Intanto il portavoce del Comando per le operazioni congiunte dell’Iraq, il generale Tahsin a Khafaji, ha affermato in una conferenza stampa, che “sono state avviate speciali indagini irachene per scoprire le circostanze dell’attentato”, senza fornire ulteriori dettagli, rilevando che i corpi delle vittime sono stati trasferiti dall’Aeronautica militare nella capitale, Baghdad. Da parte sua, il ministero della Salute iracheno a Baghdad ha confermato che il numero delle vittime è ufficialmente di nove morti e 22 feriti, di cui tre in condizioni particolarmente critiche, con il bilancio dei decessi che potrebbe aumentare. La Turchia teme eventuali reazioni da parte di forze irregolari da parte irachena e secondo quanto riferito dall’agenzia di stampa “Shafaq News” che cita testimoni oculari, elicotteri turchi hanno compiuto diversi sorvoli del governatorato di Dohuk, in cui ha sede il distretto di Zakho, distante solo dieci chilometri dal confine con la Turchia. Nel distretto di Shiladze del distretto di Amadiyah, a nord di Dohuk, esiste dal 1996 una base militare turca, situata nel complesso di Siri. Di recente, le forze turche hanno schierato altre basi militari sul monte Kurzar all’interno della catena montuosa del Mateen che domina il distretto.
Ad aprile, la Turchia ha iniziato un’offensiva, denominata Operazione “Claw Lock”, nel nord dell’Iraq per sradicare i guerriglieri del Pkk e delle milizie alleate che a partire dall’occupazione dello Stato islamico del nord dell’Iraq nel 2014 avevano ricevuto armamenti e uomini per contrastare i terroristi islamisti e infine sconfiggerli nel 2017. In particolare nella provincia di Sinjar e nelle zone più settentrionali della regione autonoma del Kurdistan, le milizie legate al Pkk avrebbero contribuito a sostenere i peshmerga curdi nelle operazioni per sradicare definitivamente lo Stato islamico e impedirne il ritorno.
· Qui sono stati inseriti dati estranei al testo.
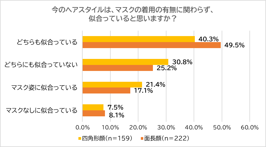 続いて「ショート」または「ボブ」と回答した381人に、「今のヘアスタイルは、マスク姿の自分にも、マスクを付けていない自分にも似合っていると思いますか?」と尋ねたところ、「どちらも似合っている」(四角形顔:40.3%、面長顔:49.5%)が共に最も多く、以下「どちらも似合っていない」(四角形顔:30.8%、面長顔:25.2%)、「マスク姿に似合っている」(四角形顔:21.4%、面長顔:17.1%)、「マスクなしに似合っている」(四角形顔:7.5%、面長顔:8.1%)となりました。約半数の人が、今のヘアスタイルはマスクを取ると自分に似合っていないと思っているようです。
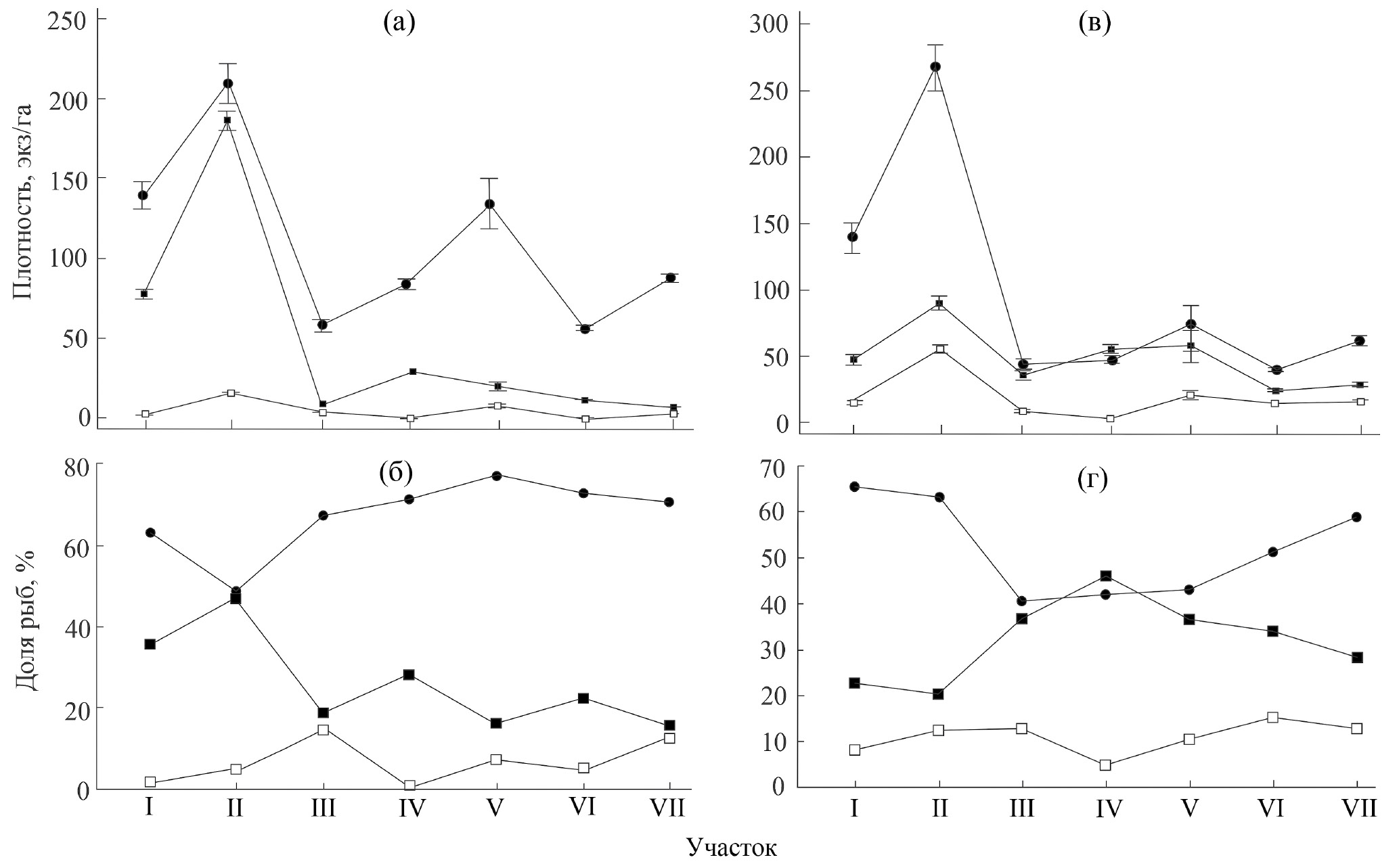 Наиболее многочисленны рыбы размерами 30–100 мм (рис. 6а). В приплотинном плёсе и Долоновском расширении их плотность составляет соответственно 134 ± 33 и 212 ± 63 экз/га. Высокая плотность рыб этой размерной группы и на участке V в Ангарском меридиональном сужении – 131 ± 51 экз/га, на остальных речных участках их плотность варьирует незначительно – от 54 ± 5 до 84 ± 13 (в среднем 69 ± 21) экз/га. Многочисленность представителей этой размерной группы обусловлена отсутствием в Братском водохранилище массовых крупных хищников, способных активно потреблять жертв таких размеров. Таймень в настоящее время в основном русле встречается редко, преимущественно на участке от плотины Иркутской ГЭС до г. Свирск, т.е. выше подпора Братского водохранилища. В последние десятилетия в Братском водохранилище отмечается и резкое снижение численности обыкновенной щуки Esox lucius Linnaeus, 1758. В 2000-е и 2010-е гг. во время легального промысла вылов щуки составлял <1 т/год, а в отдельные годы она вообще выпадала из данных промысловой статистики. Причинами этого являются неблагоприятный уровенный режим в водохранилище в период размножения вида, браконьерство и значительный вылов щуки рыболовами-любителями (Матвеев и др., 2012).
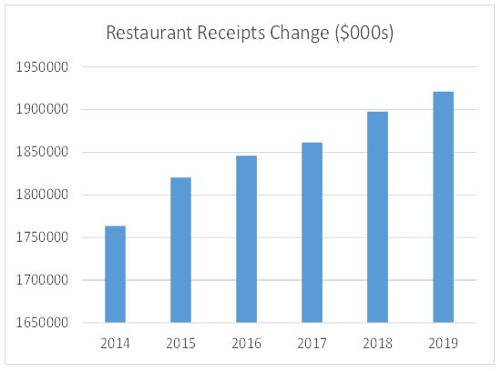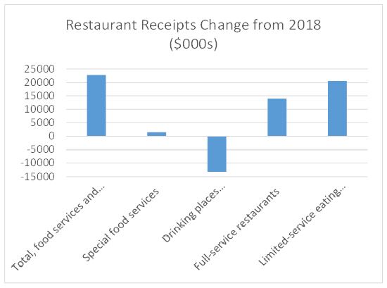 Restaurant receipts data tends to reflect how consumers are feeling about the future of the economy, their job situation, and the overall steadiness of the restaurant industry. 2019 restaurant receipts were up 1.2% over 2018, less than the rate of inflation. Within restaurant receipts Special food services (1.7%), Full-service restaurants (1.8%), and Limited-service eating places (2.1%) increased. At the same time, declines were noted in Drinking places (alcoholic beverages) (-13.3%).
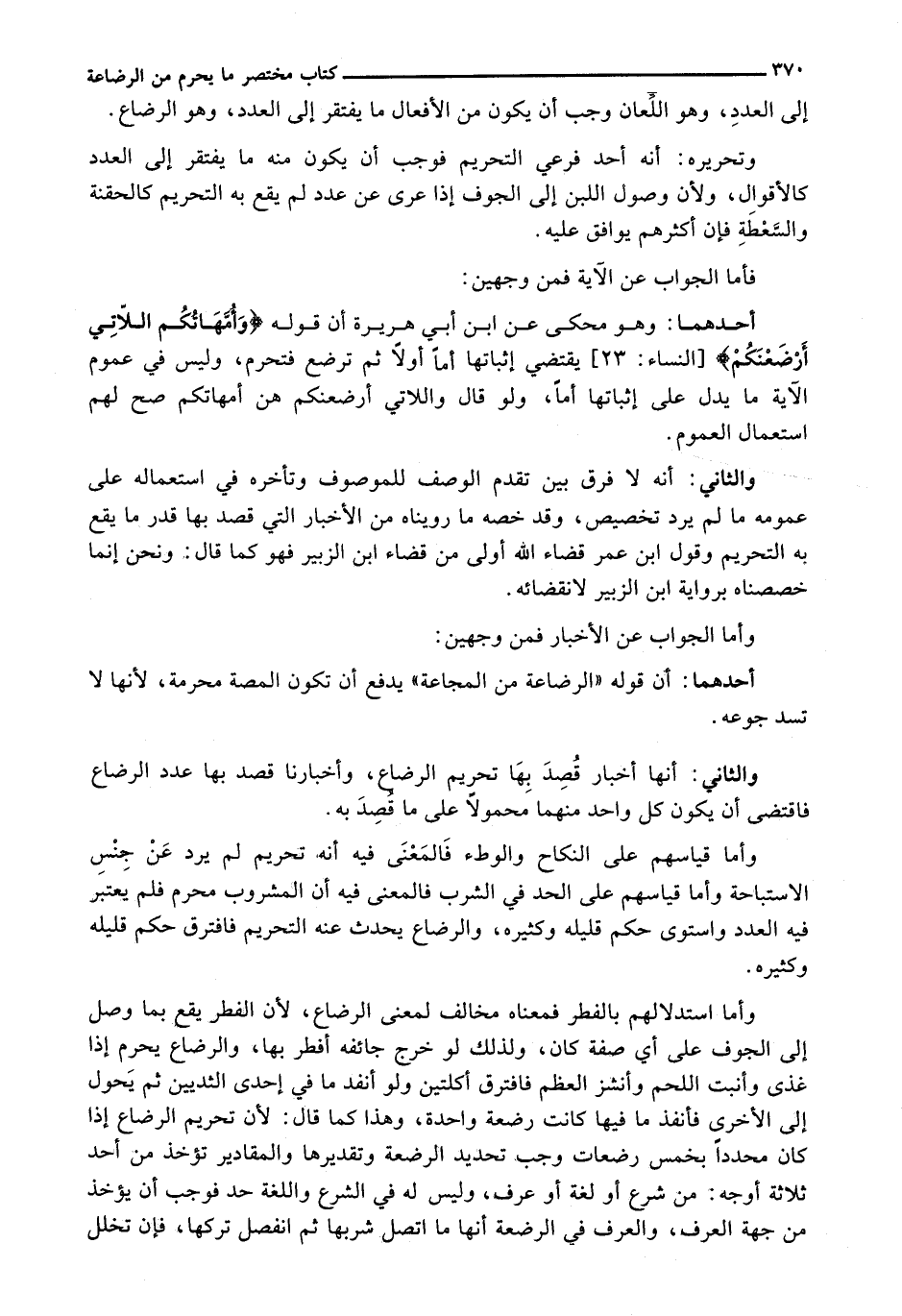 والثاني: أنه لا فرق بين تقدم الوصف للموصوف وتأخره في استعماله على عمومه ما لم يرد تخصيص، وقد خصه ما رويناه من الأخبار التي قصد بها قدر ما يقع به التحريم وقول ابن عمر قضاء الله أولى من قضاء ابن الزبير فهو كمال قال: ونحن إنما خصصناه برواية ابن الزبير لانقضائه.

Proprio la zona del monte Sinjar, abitata dalla minoranza yazidi, è stata la prima area dell’Iraq ad essere liberata dallo Stato islamico nel novembre del 2015. La presenza, in parte tollerata dei guerriglieri curdi, ha portato la Turchia ad estendere anche all’Iraq le operazioni di raid aerei condotte nell’est della Siria invocando sempre l’articolo 51 della Carta delle Nazioni Unite, che riconosce il “diritto intrinseco all’autodifesa individuale o collettiva” di uno stato contro gli attacchi, senza prima chiedere l’approvazione del governo iracheno.
Gli attacchi aerei attribuiti alla Turchia sono giunti dopo il viaggio del presidente turco, Recep Tayyip Erdogan, a Teheran dove ha incontrato gli omologhi di Iran e Russia, Ebrahim Raisi e Vladimir Putin, e partecipato al vertice dei Paesi garanti del processo di Astana sulla Siria. In questa occasione Erdogan ha cercato di ottenere l’appoggio di Mosca e Teheran alle operazioni antiterrorismo nel nord della Siria e anche in Iraq, sfruttando le importanti relazioni della Repubblica islamica con Baghdad. Tuttavia, sia Putin che la guida suprema iraniana, ayatollah Ali Khamenei, hanno criticato qualsiasi azione militare che viola la sovranità siriana, avvertendo sui rischi per l’intera regione.